▸ EXERCISE: In this exercise, print only the lines of the records below from the one with "蕎麦ちょこシリーズ カラフル" through the one with "Kit exclusivo Glizi", inclusive. Pictures are not part of the copy.

▸ INPUT DATA:
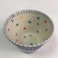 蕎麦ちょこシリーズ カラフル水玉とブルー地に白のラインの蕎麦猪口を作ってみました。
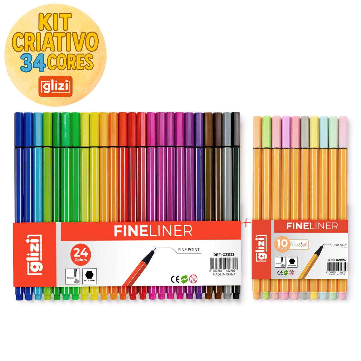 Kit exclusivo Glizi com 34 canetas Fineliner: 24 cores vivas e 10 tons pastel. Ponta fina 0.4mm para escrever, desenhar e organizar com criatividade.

* * *

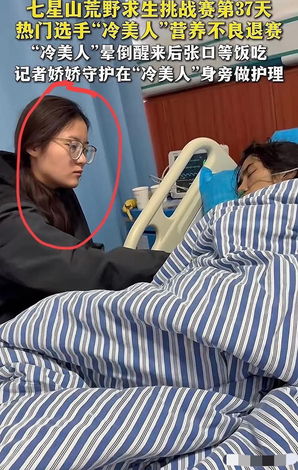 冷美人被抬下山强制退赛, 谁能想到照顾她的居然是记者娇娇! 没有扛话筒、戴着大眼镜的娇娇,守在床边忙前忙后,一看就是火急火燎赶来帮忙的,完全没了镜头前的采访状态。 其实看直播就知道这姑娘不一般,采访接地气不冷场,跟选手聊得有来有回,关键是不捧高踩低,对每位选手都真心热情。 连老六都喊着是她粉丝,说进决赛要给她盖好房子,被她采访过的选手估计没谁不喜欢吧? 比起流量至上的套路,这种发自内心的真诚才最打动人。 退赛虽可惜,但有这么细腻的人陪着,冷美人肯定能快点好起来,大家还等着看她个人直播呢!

---

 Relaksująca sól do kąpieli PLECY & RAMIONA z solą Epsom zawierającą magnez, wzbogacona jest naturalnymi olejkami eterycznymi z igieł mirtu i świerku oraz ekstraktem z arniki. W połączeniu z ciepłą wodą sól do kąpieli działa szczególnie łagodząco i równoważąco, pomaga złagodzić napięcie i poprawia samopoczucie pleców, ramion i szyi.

▸ RESPONSE:
 蕎麦ちょこシリーズ カラフル水玉とブルー地に白のラインの蕎麦猪口を作ってみました。
 Kit exclusivo Glizi com 34 canetas Fineliner: 24 cores vivas e 10 tons pastel. Ponta fina 0.4mm para escrever, desenhar e organizar com criatividade.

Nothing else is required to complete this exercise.